Ruslan Tagirovich Khuchbarov (Note: Русла́н Таги́рович Хучба́ров; Хучбаранаькъан Тагира Руслан) (12 November 1972 - 3 September 2004), was an Ingush militant nicknamed "Polkovnik" (the Russian for Colonel) notorious for his leading role in the 2004 Beslan school hostage crisis.

==Biography==
Khuchbarov was an ethnic Ingush from the village of Galashki in Ingushetia. His body was reportedly identified after he was killed during the storming of the school.

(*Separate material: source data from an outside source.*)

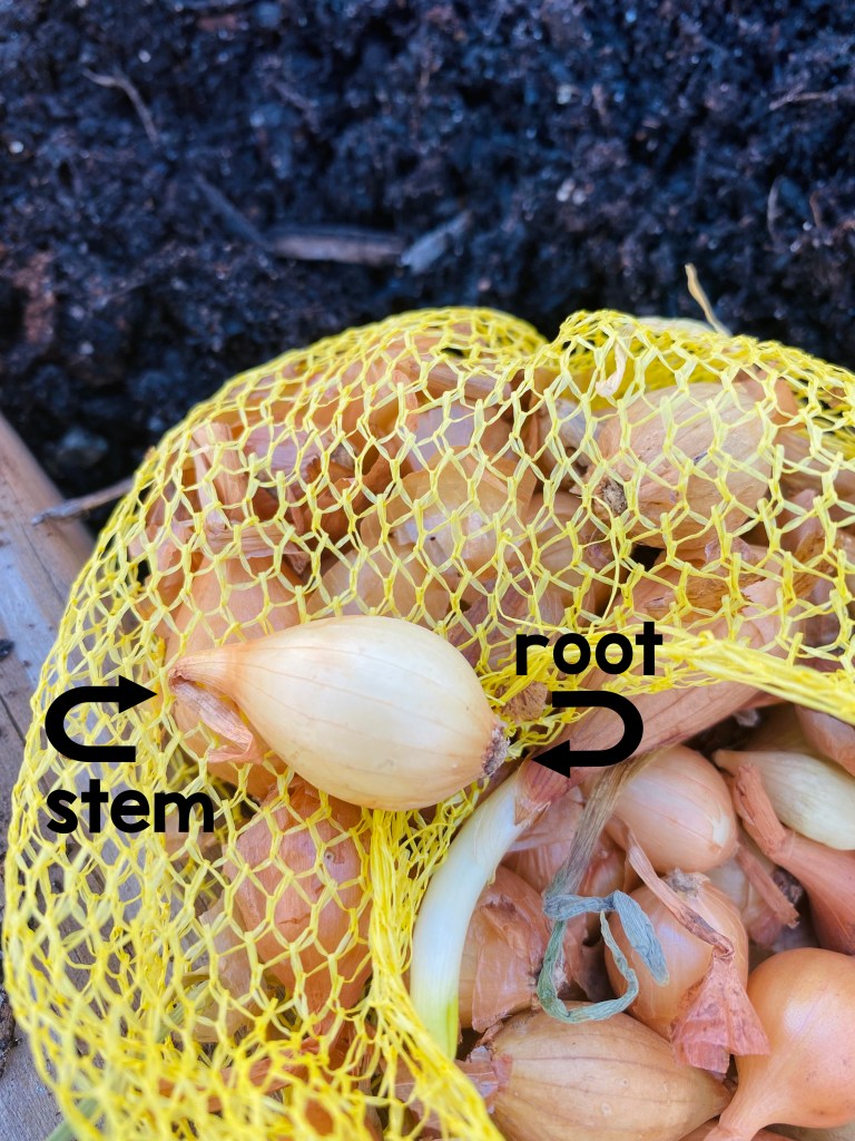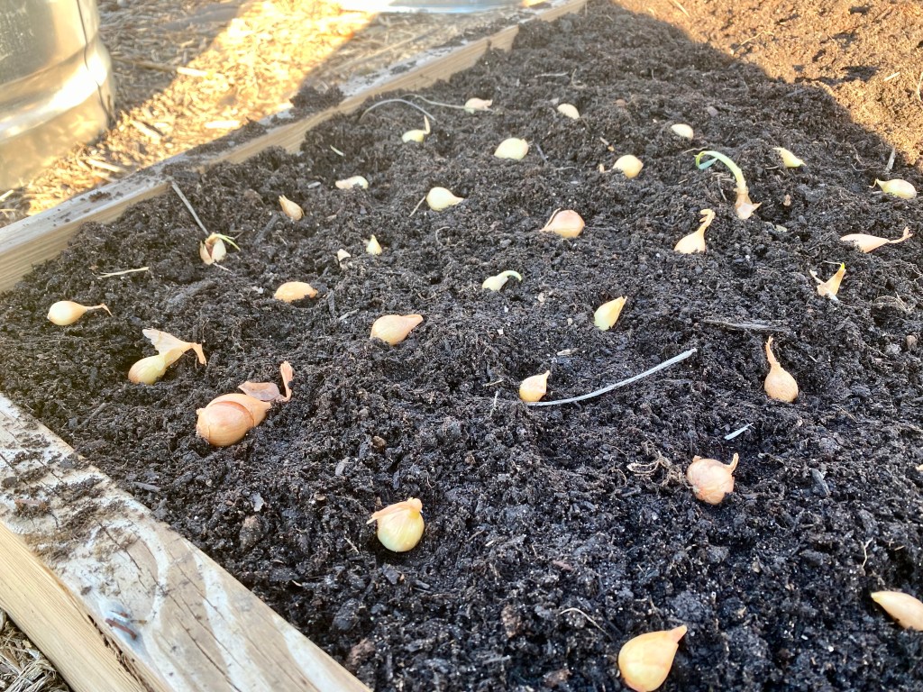 I then pushed them about 1-1.5 inches into the ground with the root side down (you can usually see little root hairs to indicate which side is the root).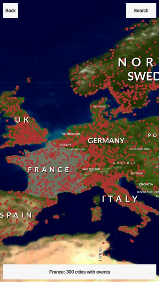 If many people report being on an event at about the same place and time, the location will pop up on the FFF official event map. If you press the Map button, you can zoom around in the latest map. The map is updated at least once a day.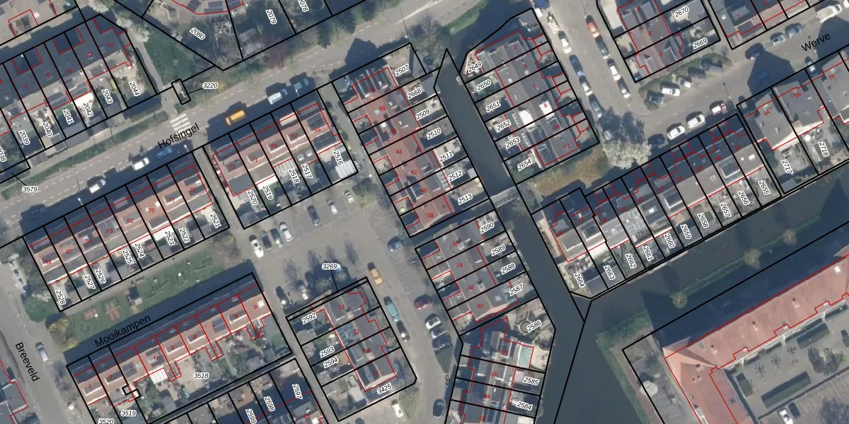 Gebruik de zoekbalk of klik op een perceel voor informatie over de adressen binnen dit perceel.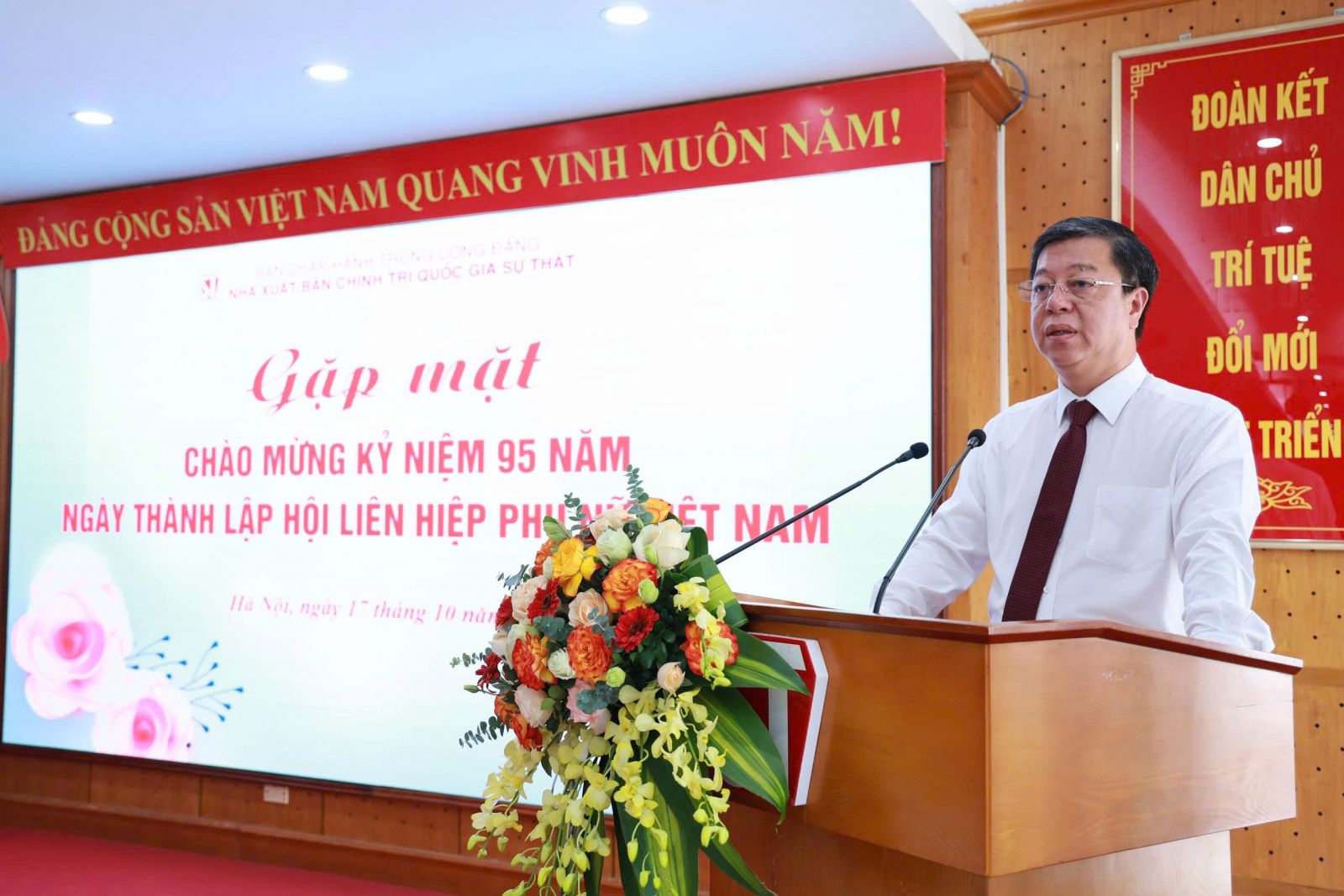 PGS.TS. Vũ Trọng Lâm, Giám đốc - Tổng Biên tập Nhà xuất bản Chính trị quốc gia Sự thật phát biểu chúc mừng toàn thể nữ cán bộ, viên chức, người lao động Nhà xuất bản tại buổi Gặp mặt.

According to FSB information obtained by the Russian newspaper Vremya Novostey, Khuchbarov was living with his Russian girlfriend and their son in Oryol Oblast, until he was accused of murder and attempted murder of two members of the Armenian diaspora and declared wanted in 1998. Khuchbarov then went into hiding and moved to Chechnya, where he underwent extensive combat training in a camp of the field commander Ibragimov and took the nickname Colonel, collaborating with Arbi Barayev. Eventually he joined the brigade of Shamil Basayev and became one of his closest associates in Ingushetia. Khuchbarov and one other rebel, Amriev, were responsible for the Galashki ambush in Ingushetia on 11 May 2000, killing 18 soldiers and officers and wounding three. The bombing of the Ingushetian Department of the FSB on 15 September 2003, when three people died and 32 were seriously injured, has also been ascribed to Khuchbarov. He was involved in the training of suicide attackers.

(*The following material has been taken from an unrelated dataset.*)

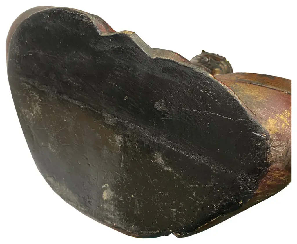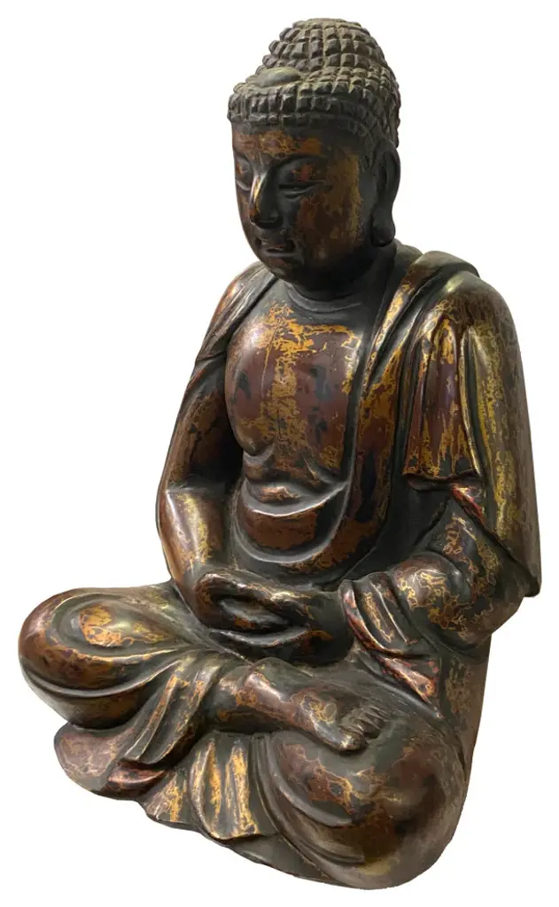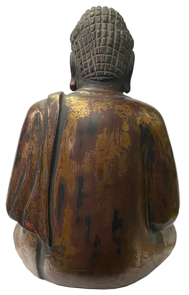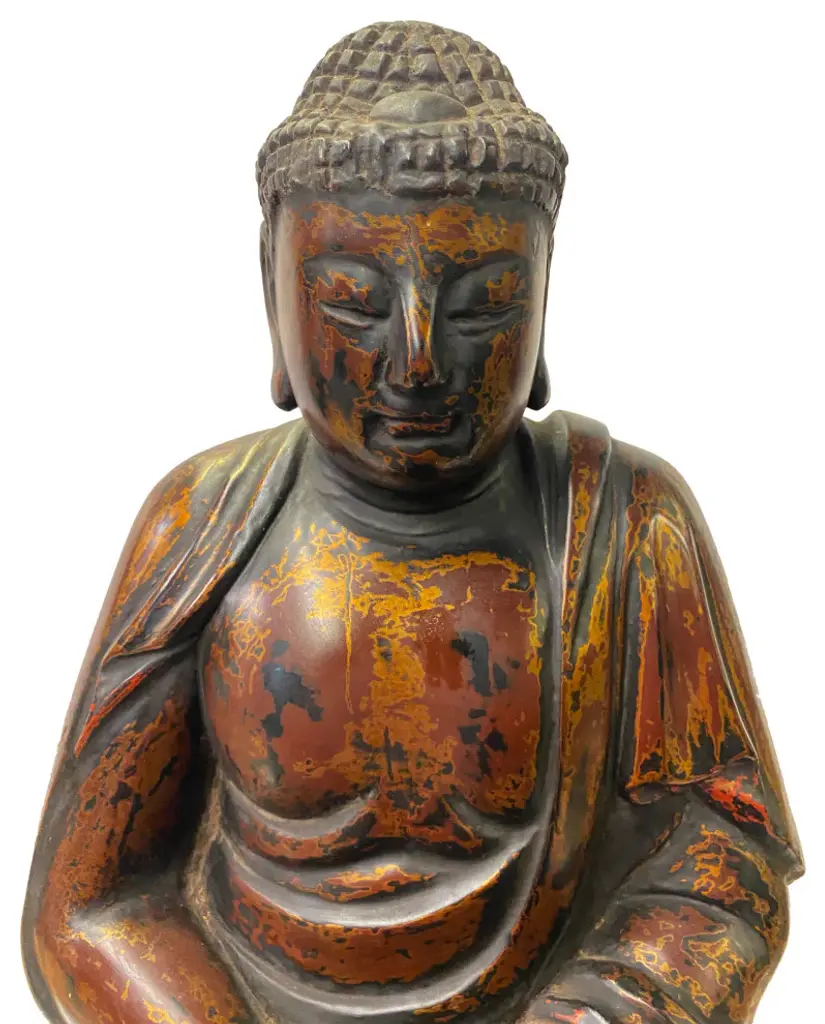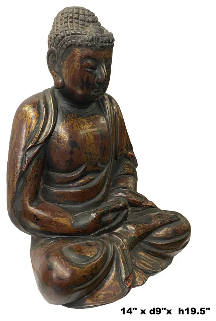 This wooden Buddha is in a meditation position. The surface is restored with matt golden brown lacquer mixed with rustic black. It is a decent subtle room decoration piece or personal meditation worship display.Dimensions: w14" x d9" x h19.5"Origin: ChinaMaterial: WoodCondition: Vintage Restored, handmade, distressed finish.
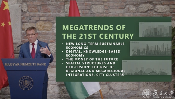新开发银行副行长周强武,匈牙利中央银行行长杰尔吉•马托奇(György H Matolcsy),中联部当代世界研究中心主任岳阳花,国际经济交流中心副理事长韩永文,美国耶鲁大学中国中心高级研究员(Susan Thornton),上海财经大学校长刘元春,巴基斯坦伊斯兰堡战略研究所所长、巴基斯坦外交部前秘书长艾扎兹·乔杜里(Amb. Aizaz Ahmad Chaudhry),金光集团APP(中国)副总裁翟京丽先后发表主旨演讲。复旦大学一带一路及全球治理研究院常务副院长黄仁伟主持。

Russian sources initially reported "Polkovnik" to be Ali Taziyev, a former Ingush policeman-turned-rebel who was declared legally dead in 2000. However, this was later refuted by the Russian prosecutors. Investigators then alleged this was the same person as Akhmed Yevloyev, an Ingush terrorist leader also said to be Ali Taziyev, but those reports were declared incorrect later: although he had similar features as Yevloyev, his facial profile was a lot different. In addition, Yevloyev turned out to be still alive.